Monday, February 4, 2008

100 Seconds, 100 Minutes

In the last few years, I seem to start every personal email with an exclamation about how time seems to be rocketing forward and I am constantly left feeling frazzled from playing catch up.

This had me thinking a few months ago about my experience of the relativity of time as I caught myself experiencing a lack of peace of mind from working to meet yet another deadline at work. I have read about the theory of relativity of time, but how does it actually impact me is something I haven’t given much thought to. I know for a fact that there are moments when I am present and mindful about my action, I experience an ‘elastic’ quality to time. My sense of seconds and minutes are no longer relegated to the ticking of the clock but indefinite ‘moments’ of presence.

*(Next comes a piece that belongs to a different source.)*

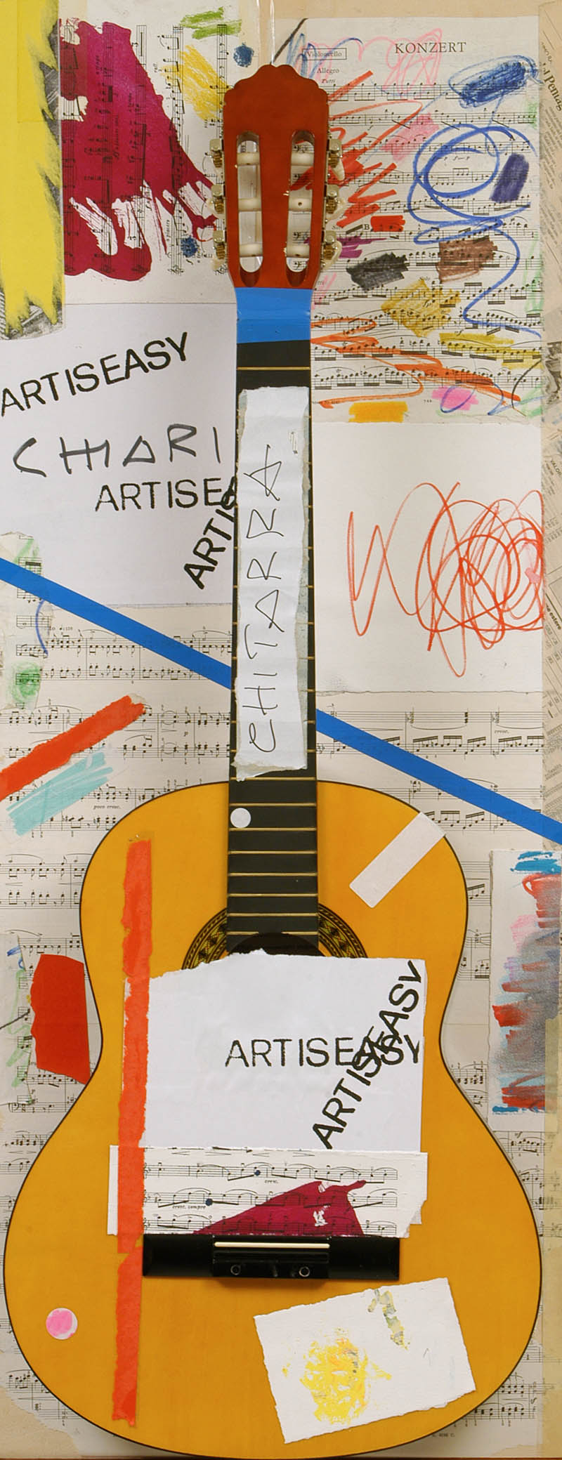Giuseppe Chiari (Firenze 1926 2007) Art is easy, anni 2000 Assemblaggio con chitarra e tecnica mista su tavola, cm. 105x41x11, in teca di plexiglas. Firmato al centro. Pubblicato su "Giuseppe Chiari, Musica e segno ", ediz. Gli Ori - Armanda Gori Arte, disp. 2-3, a colori pag. 264. Autentica dell'Archivio "Giuseppe e Victoria Chiari" a cura del figlio Mario Chiari, su foto con timbro a secco e Archivio n° 2245.

This gave me the idea to create for myself a personal agreement with time. I don’t have to live in the collective agreement of “60 seconds to a minute” or “60 minutes to an hour”. I created with myself that in my world that there are 100 seconds to a minute, and there are 100 minutes in the hour. As I dress or eat or sleep or work, I would look at a clock and know that I have so much more time between the appointment or the deadline or the end of the night.

I figured that the 60 minute hour and the clock as we know it is a conceptual structure. It is a fundamental framework of how we structure reality. This common reference point makes it easy for us to communicate and get things done. At one point last year, I no longer felt it was making my life easy, instead I felt like I was a slave to this idea. I am no longer wanting to be feeling the ill effects driven the by the collective agreement of the clock and how much of our lives is locked in sync with it.

Now I pay attention to those moments between the ticks of the second hand. Pin pointing my attention in that moment we call ‘now’ allows me to ‘stretch’ it. I now experience seconds and minutes are elastic.

I have been living inside this new agreement of time now for a few months. I can say that the many moments of emotional frazzle have decreased significantly.